What the exercise asks — Please go line by line and repeat the data below exactly, with no images.

Supplied data —
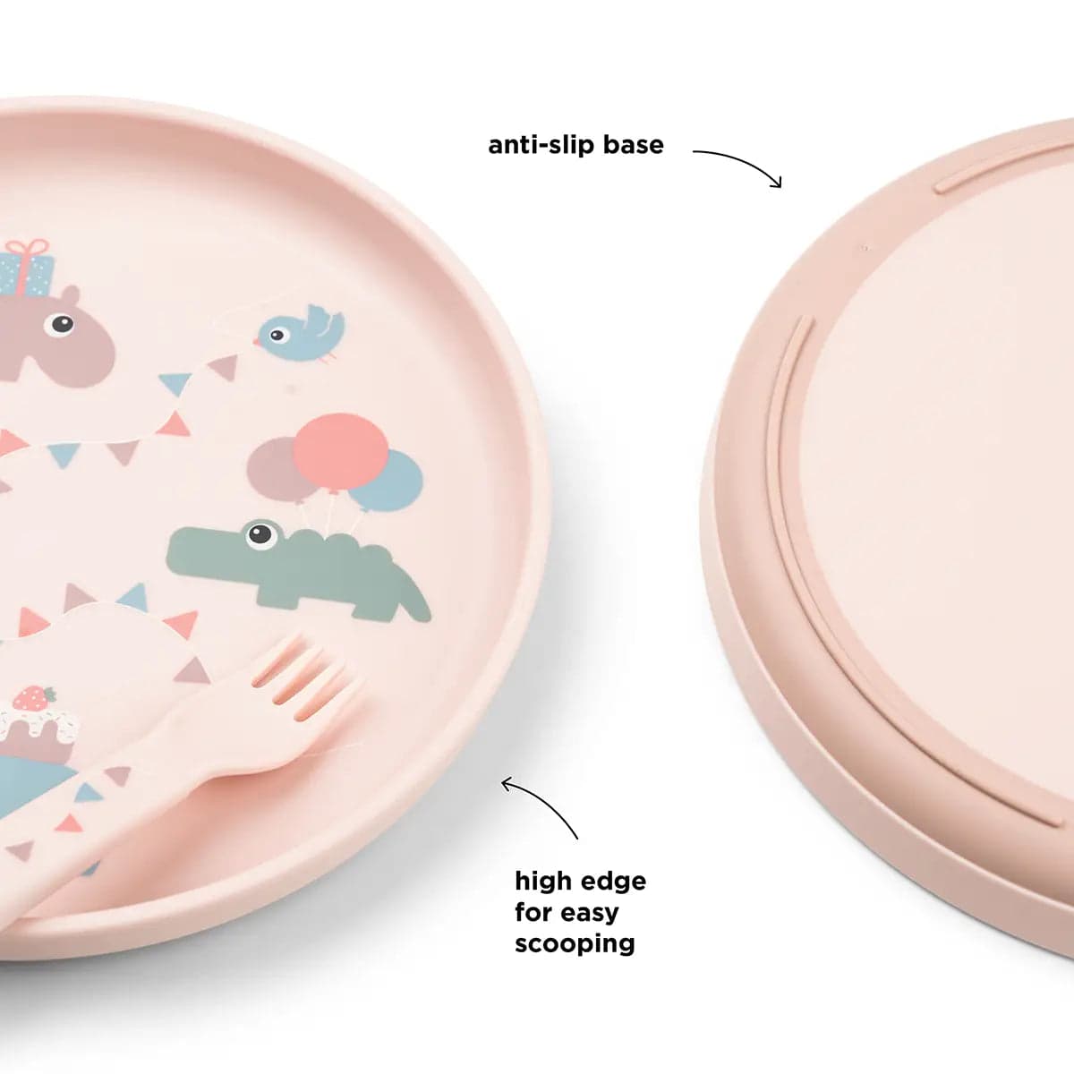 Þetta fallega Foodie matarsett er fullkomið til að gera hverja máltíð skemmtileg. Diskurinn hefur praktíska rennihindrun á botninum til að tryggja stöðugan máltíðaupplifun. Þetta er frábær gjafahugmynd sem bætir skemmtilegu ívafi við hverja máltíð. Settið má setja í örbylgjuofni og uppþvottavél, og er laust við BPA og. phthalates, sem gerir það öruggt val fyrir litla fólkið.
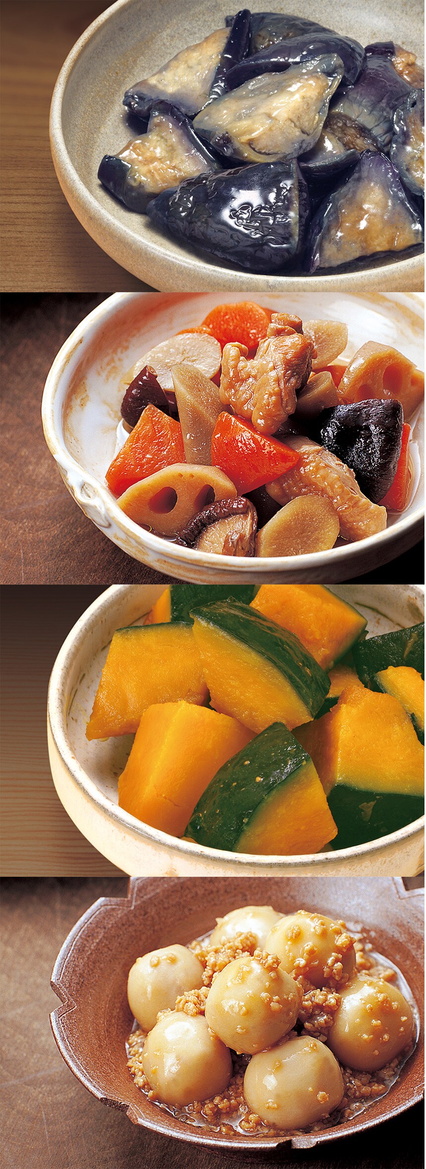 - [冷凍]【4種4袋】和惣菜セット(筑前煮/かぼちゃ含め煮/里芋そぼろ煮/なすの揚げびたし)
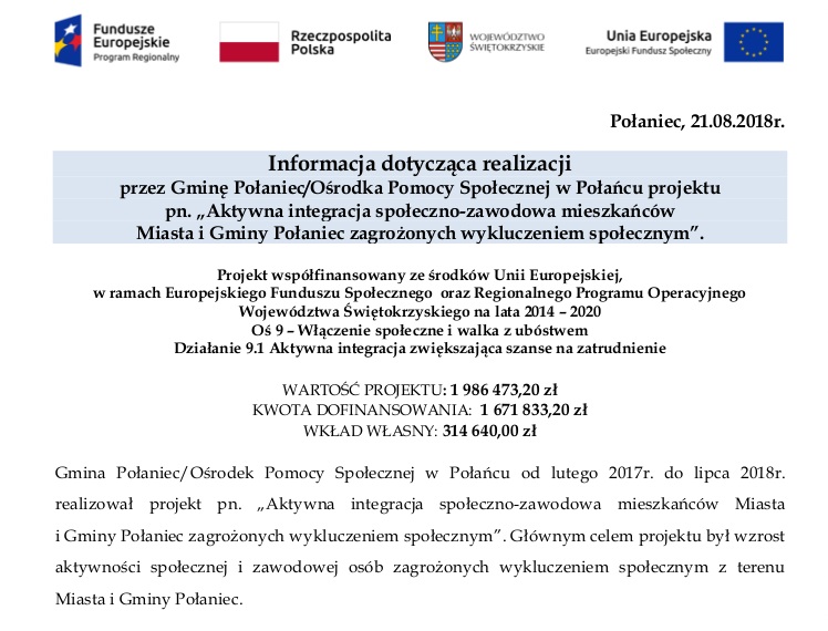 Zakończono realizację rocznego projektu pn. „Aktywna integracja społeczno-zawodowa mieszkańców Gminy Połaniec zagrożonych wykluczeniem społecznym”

Response to the exercise —
 Þetta fallega Foodie matarsett er fullkomið til að gera hverja máltíð skemmtileg. Diskurinn hefur praktíska rennihindrun á botninum til að tryggja stöðugan máltíðaupplifun. Þetta er frábær gjafahugmynd sem bætir skemmtilegu ívafi við hverja máltíð. Settið má setja í örbylgjuofni og uppþvottavél, og er laust við BPA og. phthalates, sem gerir það öruggt val fyrir litla fólkið.
 - [冷凍]【4種4袋】和惣菜セット(筑前煮/かぼちゃ含め煮/里芋そぼろ煮/なすの揚げびたし)
 Zakończono realizację rocznego projektu pn. „Aktywna integracja społeczno-zawodowa mieszkańców Gminy Połaniec zagrożonych wykluczeniem społecznym”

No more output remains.